If you have any friends that are drinkers that you can trust, I would advise drinking with them your first time. Most people are excited to drink with someone who has never done it. Tell them you just want to test the waters, and don't want to go out or anything. This would be much better than drinking alone. Sitting alone drunk in your room would not be a good feeling. plus it would be better to have someone there to monitor you and you can test how you act around people while drinking.


----------



## That guy over there (Jan 18, 2011)

Ive never drank before so i'm in the same situation as you (although I have had a sip of my my dads glass once but that don't count lol) yea so I think that if your gonna try it do it with a friend that you trust. I got this mate of mine that wants me to try beer but i'm to paranoid to try it:afr


----------



## rainbowOne (Sep 26, 2010)

Yeah I'm the same. I went to my friend's 18th the other day and I had NO idea what to do. I know nothing about alcohol except that I don't like beer.. so I was kinda lost. Ended up with a J2O haha.


----------



## PandaPop (May 21, 2010)

Tbh if you wanna get drunk in a social situation just mix vodka with a fizzy drink you like, it will just taste of the fizzy drink, thats for people who are scared of what to try and what not. 

Also drinking will totally boost your confidence and make everything seem easier so i wouldn't be worried of talking to people either or having fun. 

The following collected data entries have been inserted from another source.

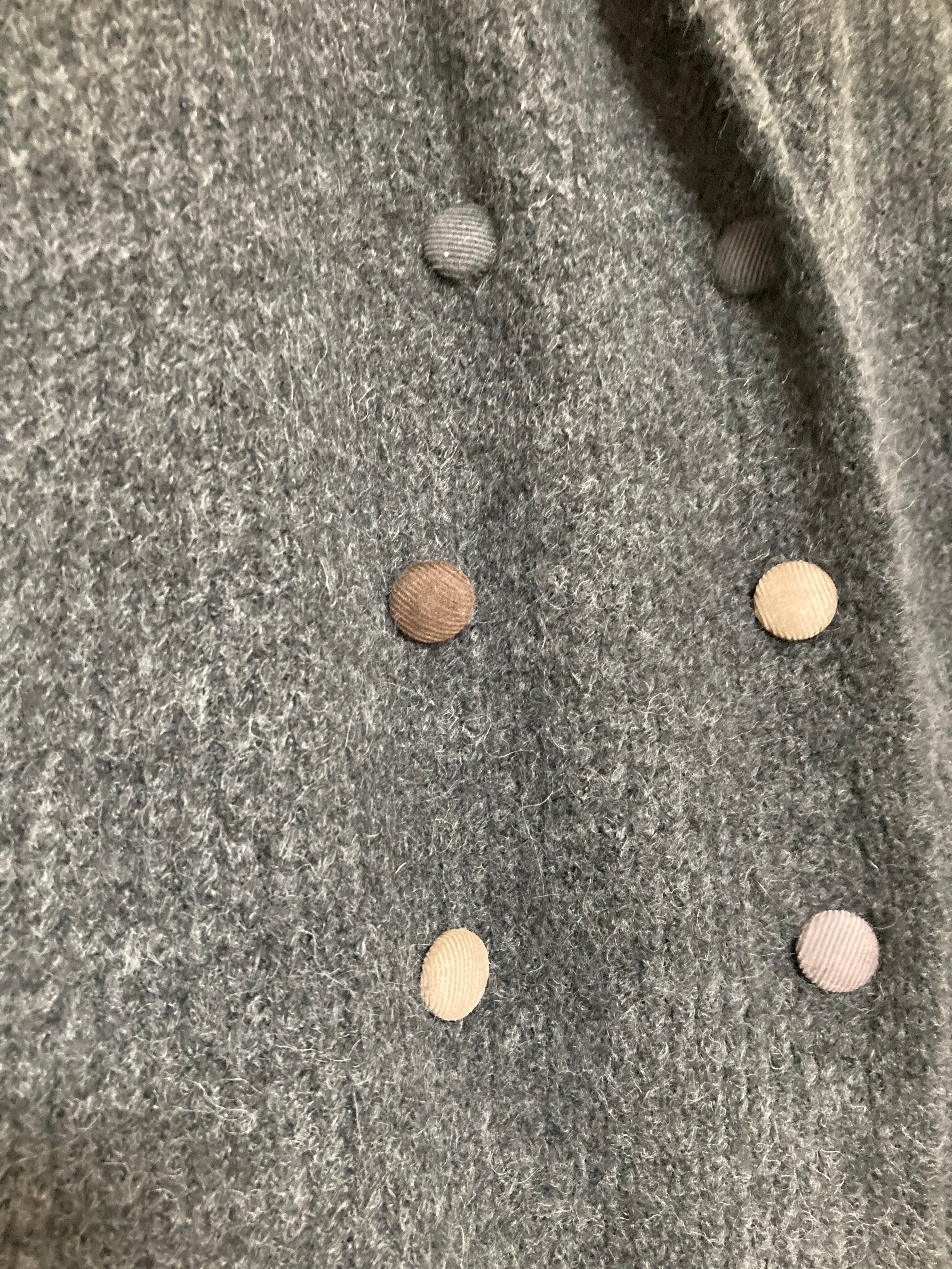 ジャケットとしても使えるニットはクルミボタンをカラフルに仕上げました。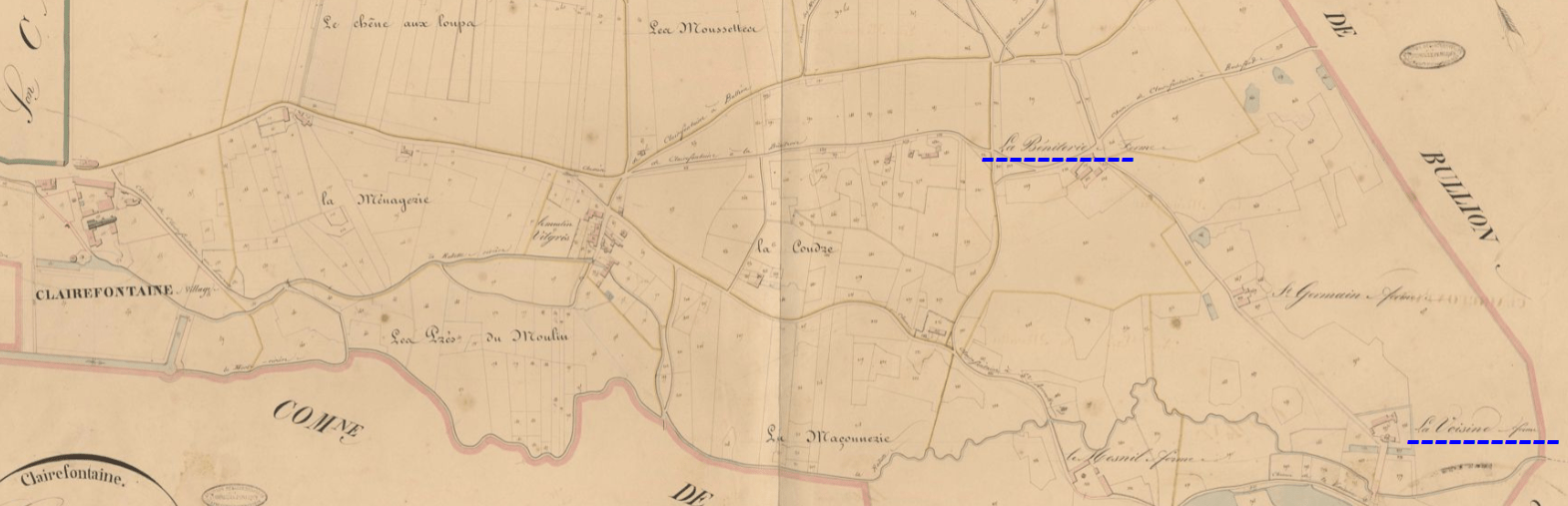Sur le plan cadastral de 1828 on voit que ce domaine, situé à la sortie de Clairefontaine, comprenait autrefois deux fermes, de la Béniterie et de la Voisine.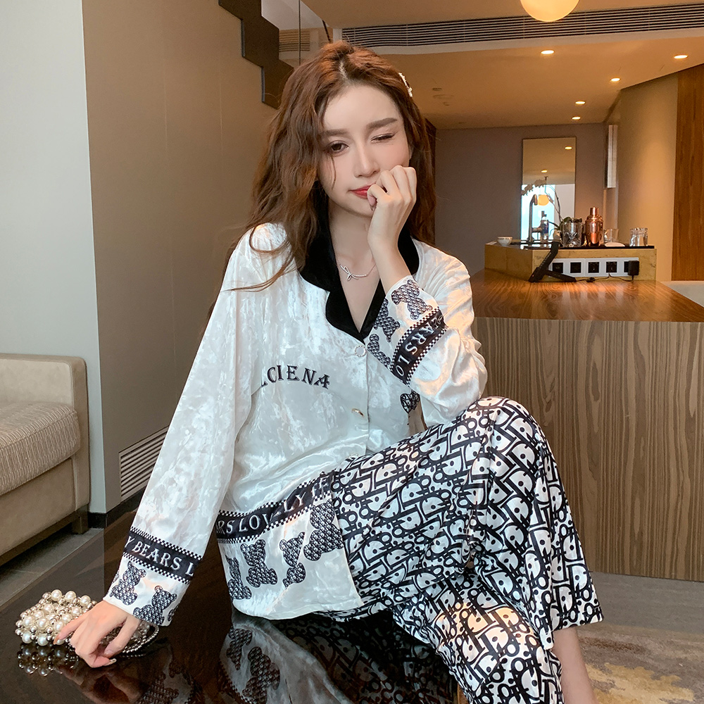 甜美可外穿家居服套装 猫人带胸垫睡衣女款 2025新款 纯棉长袖 春秋季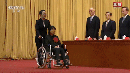 2月25日,全国脱贫攻坚总结表彰大会上,张桂梅乘坐轮椅接受表彰,看得我眼睛都湿润了。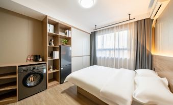 本次是週五臨時訂房間,價格在上海還可以了。因距離辦公地方近,也沒有理會是否偏僻。但是週六下午到了確實有點偏。意外的是去哪交通都很便利,距離酒店80米有公交站,去哪個景點都挺方便的。房間挺乾淨,房間有洗衣機和冰箱,對出差的人來説很友好,也有衣櫃和晾曬衣服的地方。性價比不錯的。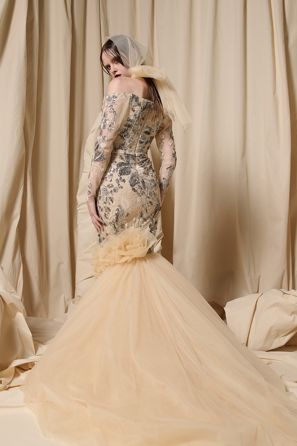 Off-The-Shoulder Mermaid Layered Tulle Fishtail and Floral Details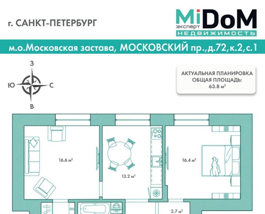 2-к кв. Санкт-Петербург Московский просп., 72к2 (63.8 м²)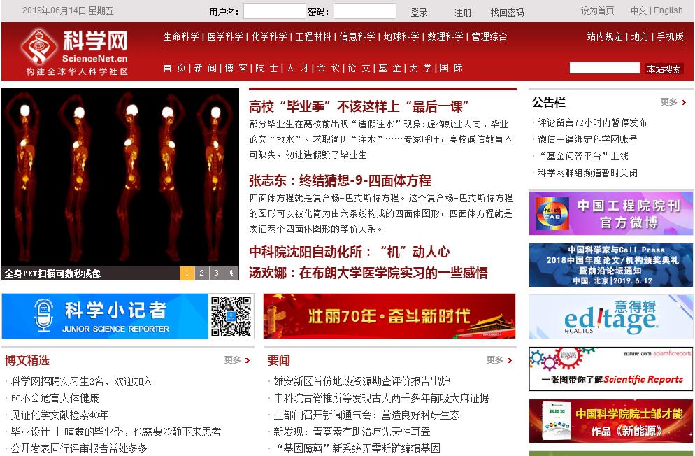 科學(xué)網(wǎng)由中國科學(xué)院、中國工程院、國家自然基金委、中國科學(xué)技術(shù)協(xié)會主管,由具有六十年媒體經(jīng)驗的中國科學(xué)報社主辦,具有深厚的媒體資本及科教界口碑。作為全球最大的中文科學(xué)社區(qū),科學(xué)網(wǎng)致力于全方位服務(wù)華人科學(xué)與高等教育界,以網(wǎng)絡(luò)社區(qū)為基礎(chǔ)構(gòu)建起面向全球華人科學(xué)家的網(wǎng)絡(luò)新媒體,促進科技創(chuàng)新和學(xué)術(shù)交流。除了為廣大科教人群提供快捷權(quán)威的科學(xué)新聞報道和豐富的實用資訊外,我們致力于打造一個以個人用戶中心為基礎(chǔ)的虛擬科教社區(qū)。二十一世紀(jì)是互聯(lián)網(wǎng)的世紀(jì)。因其海量信息、多媒體表現(xiàn)形式、跨越時空限制和即時互動的媒體特色,網(wǎng)絡(luò)媒體代表著世界媒體發(fā)展的未來。科學(xué)網(wǎng)充分發(fā)揮互聯(lián)網(wǎng)優(yōu)勢,經(jīng)過十年的迅猛發(fā)展,已經(jīng)成為全球最大的中文科教類新聞資訊集散中心,而且擁有全球最大的中文科教虛擬社區(qū)。近百萬海內(nèi)外科技界專家正在使用科學(xué)網(wǎng)的博客、論壇、圈子、圖片等服務(wù)。
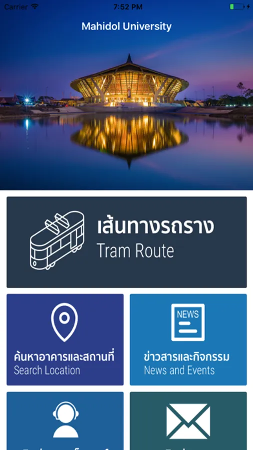 - ค้นหา และนำทางไปยังอาคาร และสถานที่ต่างๆในมหาวิทยาลัย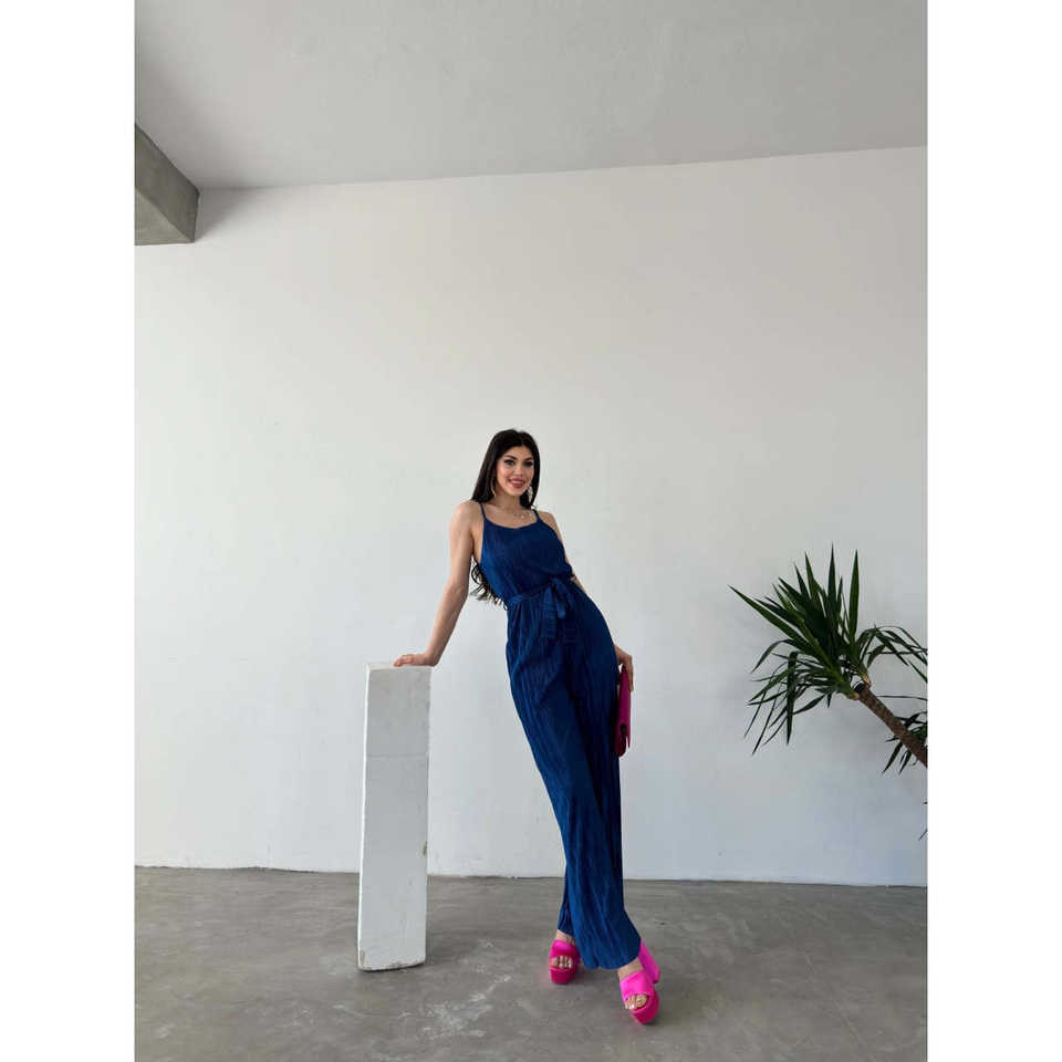 High Waist Strappy Belted Crinkle Jumpsuit Breathable Casual Style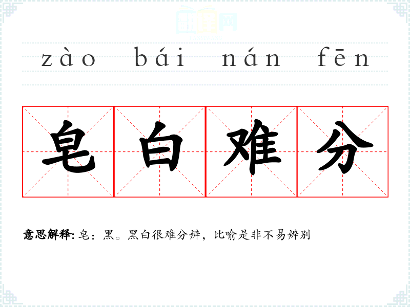 皂:黑。黑白很难分辨,比喻是非不易辨别

Don't drink alone though in your room, that'll just make you even more depressed and you might find that when you become sober you'll just want to have more alcohol because you felt more happier.


----------



## FakeFur (Nov 4, 2009)

Honestly, I don't have a problem with alcohol either. I don't wanna go crazy or anything, but I'd love to go to parties and stuff like that too. It really does seem like fun to me, and I feel like I'm missing out on a lot. I got a little drunk a couple of months ago with a guy, and one thing I liked is that I totally didn't feel shy anymore, and was way more outgoing. I wish I could be more like that sober.


----------



## SuperSaiyan (Dec 8, 2009)

I'm kinda the opposite.

I don't drink alcohol _hence_ I don't go to social events.


----------



## Tsubasa_ (Jan 31, 2011)

Each time I attend a social event nowadays, I never drink alcohol. I abhor the taste of it, and to drink alcohol just to get drunk seems too basal a reason to participate in that activity. So I just don't drink alcohol whenever I do attend social events, making me stand out a lot from the rest which is not always comfortable. But I refuse to conform to something I don't want to do, period.

But before I decided upon this idea, I wanted to try alcohol and the best place to try it was when I was going out just for a night of fun with my best friend. I would act a bit goofy and asked him if there were any etiquettes with drinking certain alcoholic drinks and stuff like that. That's how I familiarised myself with it, both on etiquette and on my limit in alcohol consumption before I would get drunk. You never know until you *try* it. Greatest part of this approach was that it was not awkward, since I was out with my best friend who I could trust.


----------



## Keith (Aug 30, 2008)

I think if i was you i would buy a few beers and try it at home just to see what its like.Maybe you won't even like it, who knows? I drink by myself all the time it doesn't bother me in the least I like to get a buzz and play guitar or listen to some music or watch sports, its pretty fun. I dunno maybe drinking by yourself isnt a good idea maybe its not for everyone. I mean I'd rather drink some beers with my brother or neighbor but drinking alone isnt the worst thing you can do.


----------



## ValiantThor (Dec 6, 2010)

get a bottle of spiced rum or something, you cant go wrong with captain and coke.


----------